In the material below, find the line containing "Illumination's Explosive Genesis" and the line containing "curl -sfL https://rancher-mirror.rancher.cn/k3s/k3s-install.sh". Output those two lines and all lines between them exactly, without pictures.

PROVIDED MATERIAL →

*** Block opens ***

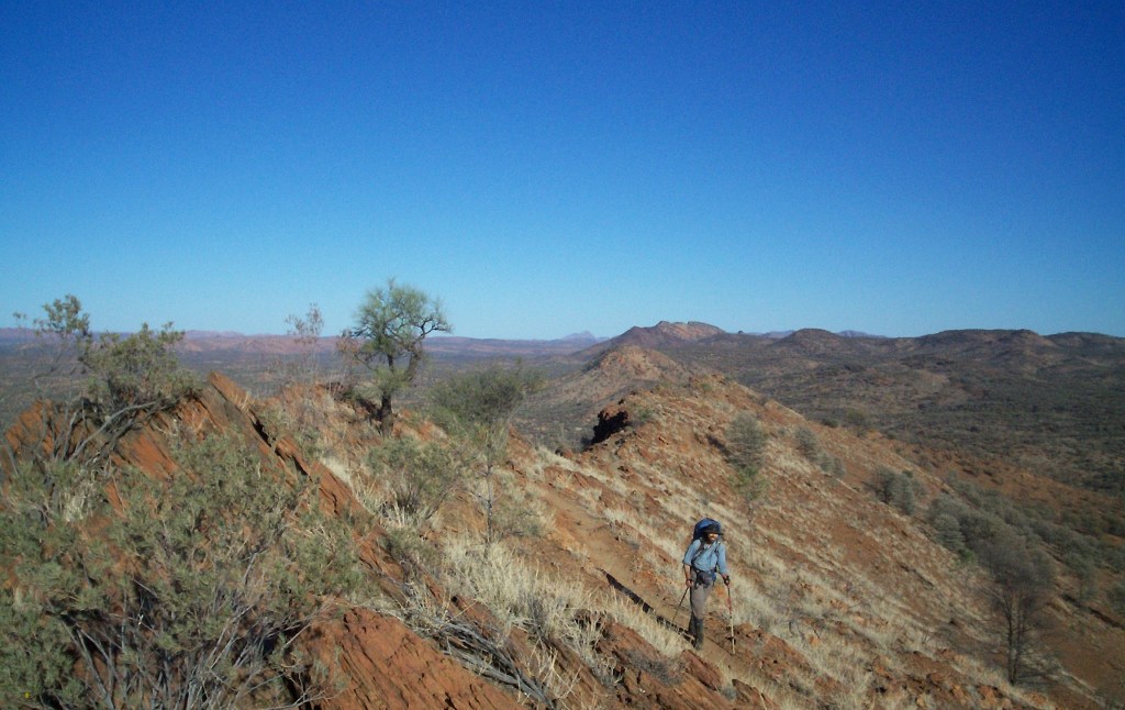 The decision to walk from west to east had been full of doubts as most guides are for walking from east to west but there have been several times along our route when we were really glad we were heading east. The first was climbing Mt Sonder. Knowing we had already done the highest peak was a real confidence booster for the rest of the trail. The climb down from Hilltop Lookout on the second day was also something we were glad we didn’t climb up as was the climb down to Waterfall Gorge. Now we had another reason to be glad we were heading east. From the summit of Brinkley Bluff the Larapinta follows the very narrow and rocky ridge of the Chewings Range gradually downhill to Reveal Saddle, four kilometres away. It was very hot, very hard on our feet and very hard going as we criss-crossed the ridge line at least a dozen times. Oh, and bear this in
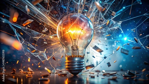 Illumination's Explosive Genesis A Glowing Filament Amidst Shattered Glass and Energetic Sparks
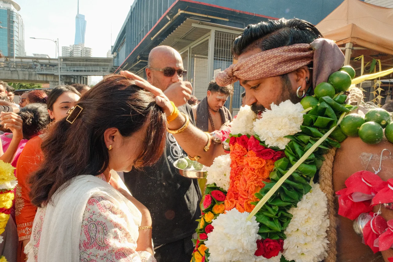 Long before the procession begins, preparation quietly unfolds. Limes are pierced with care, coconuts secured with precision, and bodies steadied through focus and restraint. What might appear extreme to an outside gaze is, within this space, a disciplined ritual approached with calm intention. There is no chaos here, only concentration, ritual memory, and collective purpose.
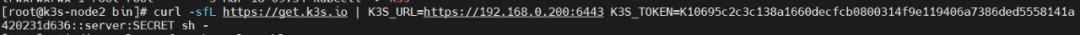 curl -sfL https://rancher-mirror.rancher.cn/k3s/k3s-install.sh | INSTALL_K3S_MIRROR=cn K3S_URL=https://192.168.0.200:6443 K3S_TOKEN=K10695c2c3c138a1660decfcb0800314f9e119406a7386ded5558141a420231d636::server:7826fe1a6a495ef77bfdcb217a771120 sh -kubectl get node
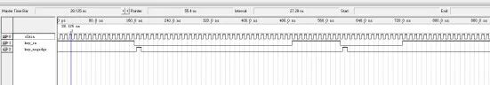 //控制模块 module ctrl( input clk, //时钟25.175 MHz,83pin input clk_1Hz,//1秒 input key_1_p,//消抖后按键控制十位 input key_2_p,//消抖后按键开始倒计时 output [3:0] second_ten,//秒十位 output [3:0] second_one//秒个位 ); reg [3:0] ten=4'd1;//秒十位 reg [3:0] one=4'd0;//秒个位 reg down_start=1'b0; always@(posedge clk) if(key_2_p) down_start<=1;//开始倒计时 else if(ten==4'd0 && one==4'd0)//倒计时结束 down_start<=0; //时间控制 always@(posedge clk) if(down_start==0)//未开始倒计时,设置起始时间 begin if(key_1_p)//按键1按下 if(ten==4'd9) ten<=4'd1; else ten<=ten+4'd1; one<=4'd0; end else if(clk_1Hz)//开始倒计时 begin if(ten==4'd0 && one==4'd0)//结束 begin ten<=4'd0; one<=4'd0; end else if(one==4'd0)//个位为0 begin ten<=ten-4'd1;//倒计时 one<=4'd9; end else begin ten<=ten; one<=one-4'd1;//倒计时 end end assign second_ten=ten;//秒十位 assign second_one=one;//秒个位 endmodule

*** Block closes ***
*** Block opens ***

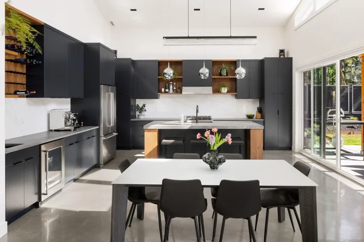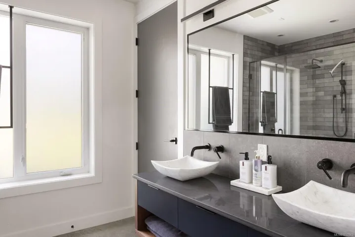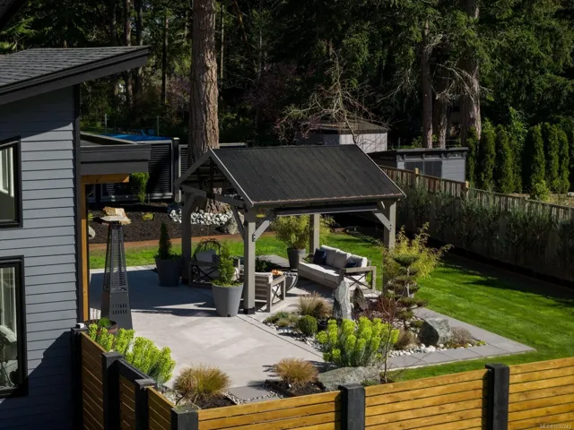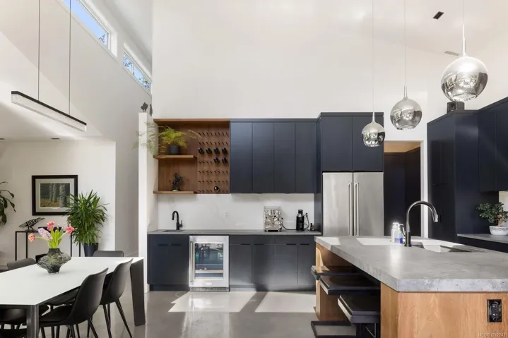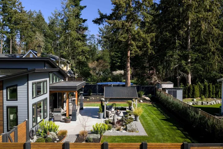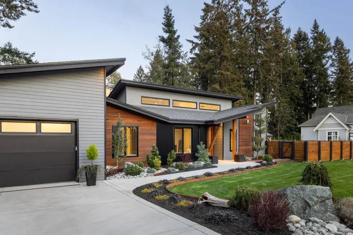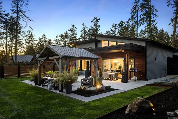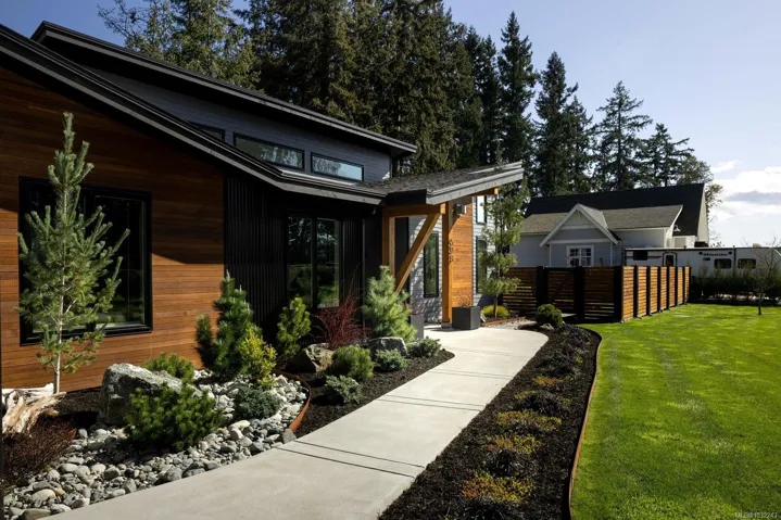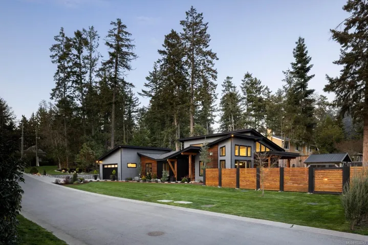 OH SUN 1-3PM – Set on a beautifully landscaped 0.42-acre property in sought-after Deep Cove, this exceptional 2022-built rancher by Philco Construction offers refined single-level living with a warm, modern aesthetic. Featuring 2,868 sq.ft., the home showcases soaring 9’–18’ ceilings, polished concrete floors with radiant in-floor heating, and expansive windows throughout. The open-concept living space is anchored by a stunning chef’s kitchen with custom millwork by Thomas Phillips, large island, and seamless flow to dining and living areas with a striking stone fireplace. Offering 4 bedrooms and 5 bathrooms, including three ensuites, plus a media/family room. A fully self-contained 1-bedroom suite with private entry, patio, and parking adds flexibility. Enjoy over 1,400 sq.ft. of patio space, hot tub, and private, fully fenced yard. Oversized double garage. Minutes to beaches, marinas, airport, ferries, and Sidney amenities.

*** Block closes ***

ANSWER AREA →
 Illumination's Explosive Genesis A Glowing Filament Amidst Shattered Glass and Energetic Sparks
 Long before the procession begins, preparation quietly unfolds. Limes are pierced with care, coconuts secured with precision, and bodies steadied through focus and restraint. What might appear extreme to an outside gaze is, within this space, a disciplined ritual approached with calm intention. There is no chaos here, only concentration, ritual memory, and collective purpose.
 curl -sfL https://rancher-mirror.rancher.cn/k3s/k3s-install.sh | INSTALL_K3S_MIRROR=cn K3S_URL=https://192.168.0.200:6443 K3S_TOKEN=K10695c2c3c138a1660decfcb0800314f9e119406a7386ded5558141a420231d636::server:7826fe1a6a495ef77bfdcb217a771120 sh -kubectl get node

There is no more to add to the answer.